すなわち。伝送機能と制御機能の分離と制御機能の集中制御になります。それをネットワーク仮想化といいます。
SDN(Software-Defined Networking)
SDNの特徴
SDNはネットワーク仮想化をソフトウェアで集中制御する総合的な概念で、特定の技術を指すものではありません。具体的な実装はOpenFlowになります。
次の二つの特徴があります。
- 伝送機能と制御機能の分離
従来のLAN機器はデータ伝送機能と制御機能が一体化されていました。制御機能には、仮想マシンの配置変更に伴うネットワーク構成変更や動作状態の監視などがあります。その設定変更を個々の機器で行うのは大変です。

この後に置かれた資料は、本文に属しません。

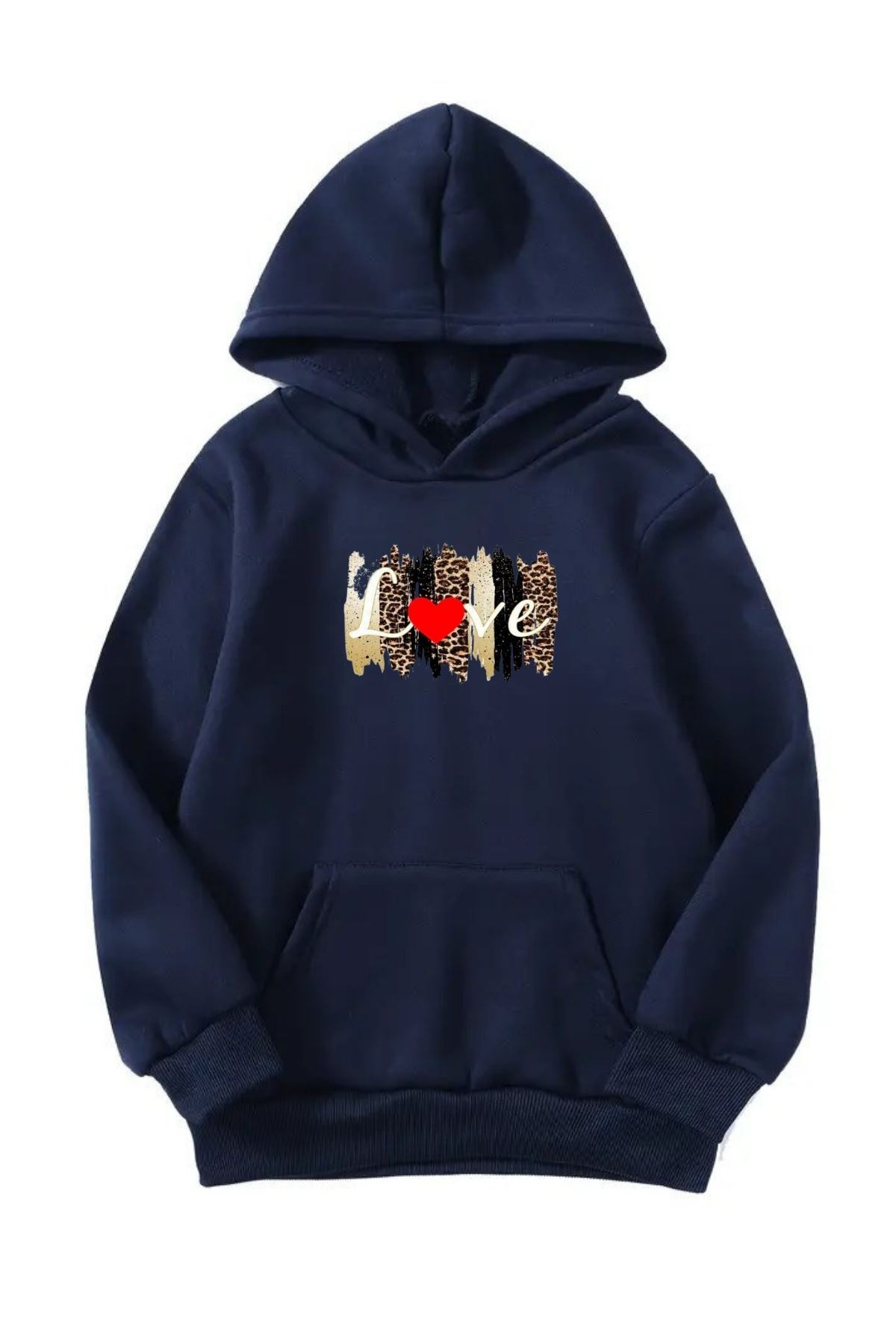 Unisex Oversize Şardonlu Kışlık Love Leopar Baskılı Kapüşonlu Sweatshirt - Lacivert

SDNでは、個々の機器から制御機能を分離して、コントローラという制御システムに集中させ、コントローラに機器全体の設定や制御を行わせます。
- 集中制御プロトコルの標準化
集中制御をするには、機器とコントローラの間で機器を制御するためのプロトコルの標準化が必要になります。その代表的なプロトコルにOpenFileがあります。
SDNの3レイヤ
SDNでは、LAN機器やコントローラの機能を次の3レイヤに分離しています。
- インフラストラクチャレイヤ
データ転送を実際に行うネットワーク機器のレイヤです。通常システムでのハードウェアに相当します。
- コントロールレイヤ
機器とコントローラ間のネットワーク機能、機器の制御に関するレイヤです。通常システムでのOSに相当します。
- アプリケーションレイヤ
さまざまなネットワークの振る舞いを設定するレイヤです。通常システムでのアプリケーションに相当します。
OpenFlow
OpenFlowは、SDNを実現するための代表的なプロトコルです。制御機能の遠隔操作を標準化するものです。

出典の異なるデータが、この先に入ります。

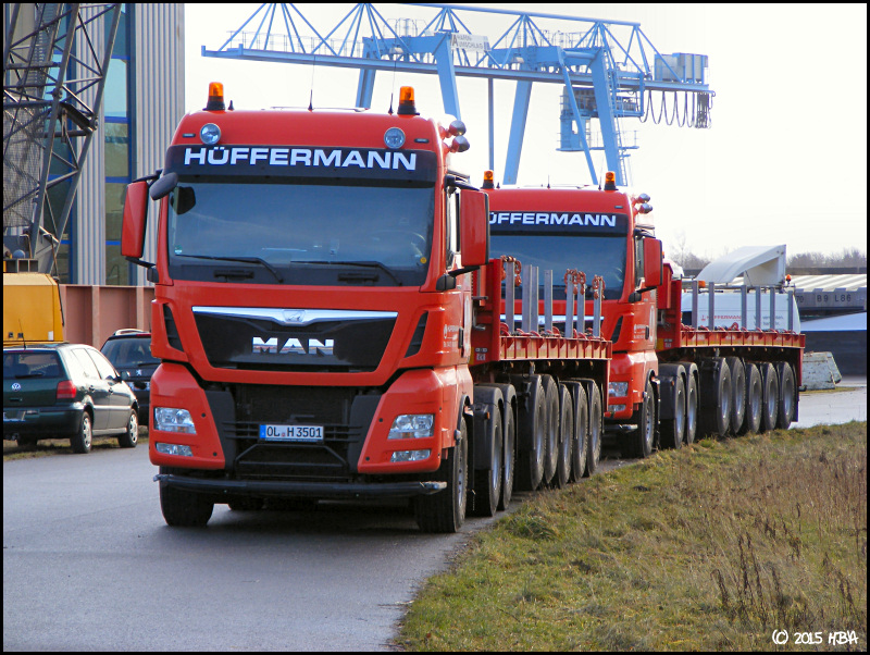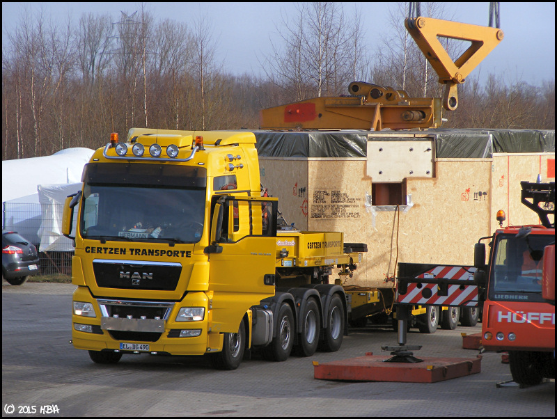 Die Kisten wurden mit Hilfe eines MAN TGX 41.540 mit Noteboom Tieflader der Firma Gertzen Krane u. Transporte GmbH & Co. KG aus den Hallen der Robert Nyblad GmbH gefahren.

- OpenFlowは、伝送機能を行うOpenFlowスイッチと、制御機能を行うOpenFlowコントローラで構成され、コントローラとスイッチはOpenFlowプロトコルを用いて情報交換をします。下位プロトコルはTCPまたはTLSです
- 個々のOpenFlowスイッチは、コントローラ側から識別するために、Datapath IDという識別子を持ちます。
OpenFlowコントローラには、どのDatapath IDがどの条件のパケットに対してどのような動作を行うかなどを記述した制御テーブルがあり、これを変更することにより、OpenFlowスイッチの構成を変更できます。

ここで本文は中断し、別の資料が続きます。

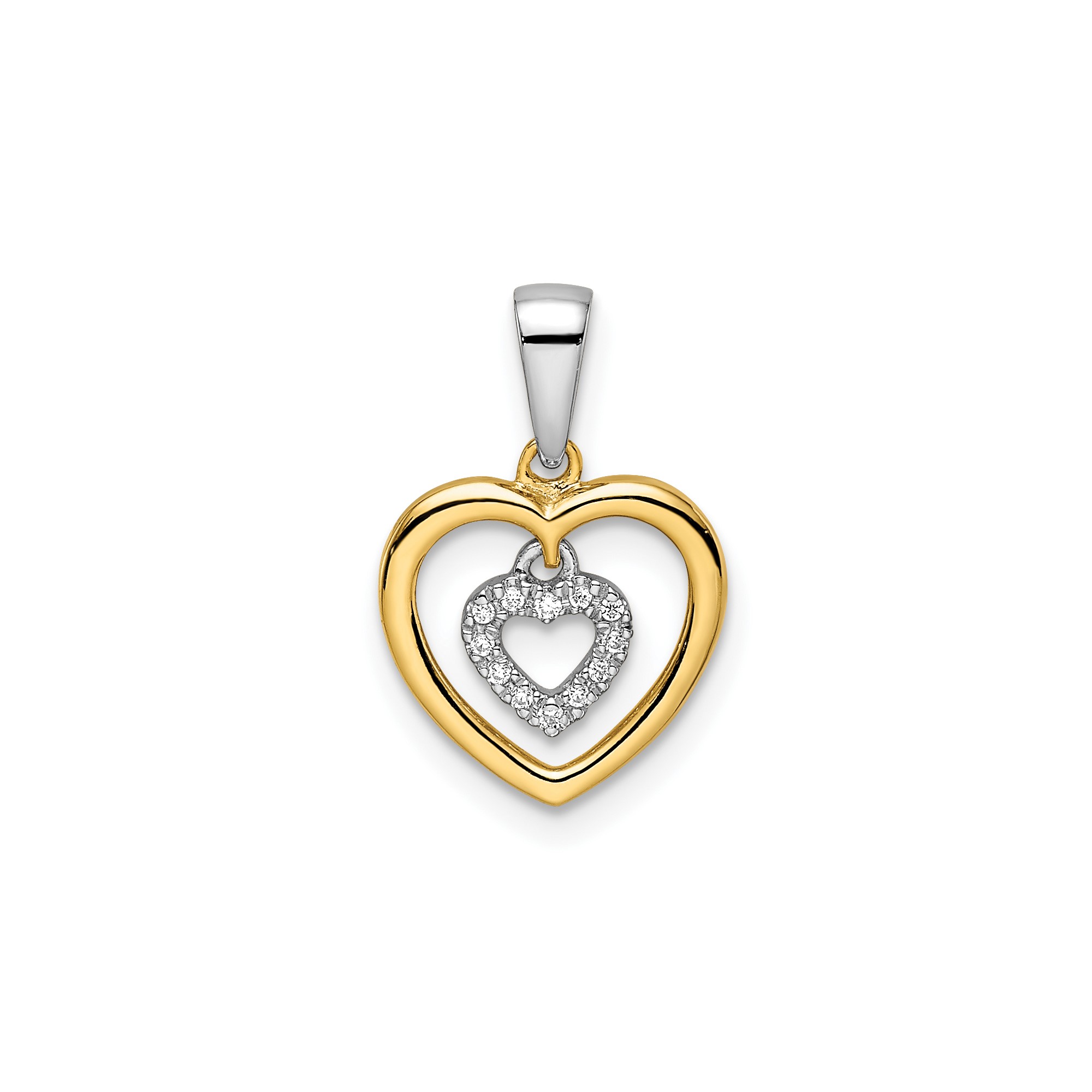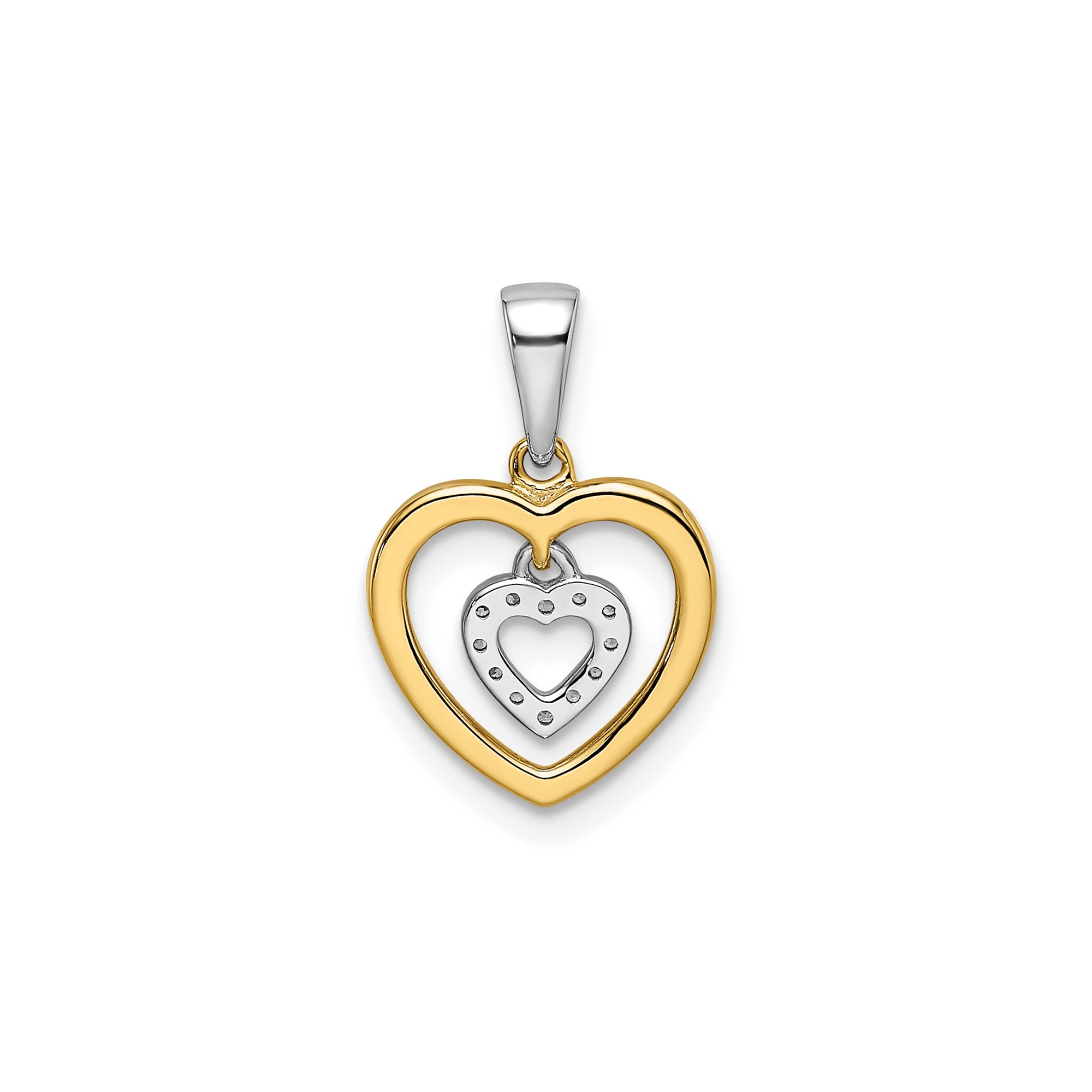 14k Two-Tone Gold Heart Pendant Diamond Accent Double Design for Women Anniversa

- OpenFlowスイッチは、仮想スイッチとしてソフトウェアで実装できます。それによりVLANでのVLANリスト更新よりも柔軟な機能更新ができるので、高度な仮想化が実現できます。
NFV(Network Function Virtualization:ネットワーク機能仮想化)
接続機器の仮想化です。従来の機器はスイッチ、ルータ、ファイアウォール、ロードバランサなど専用のハードウェアやソフトウェアで動作していました。それを、汎用のOS上で動作するアプリケーションソフトとして実装し、仮想化されたサーバ上で実行できるようにするものです。
SDNが伝送機能と制御機能の分離をするのに対して、NFVは機器機能を標準的なソフトウェアで実装するもので、両者は補完的な関係になります。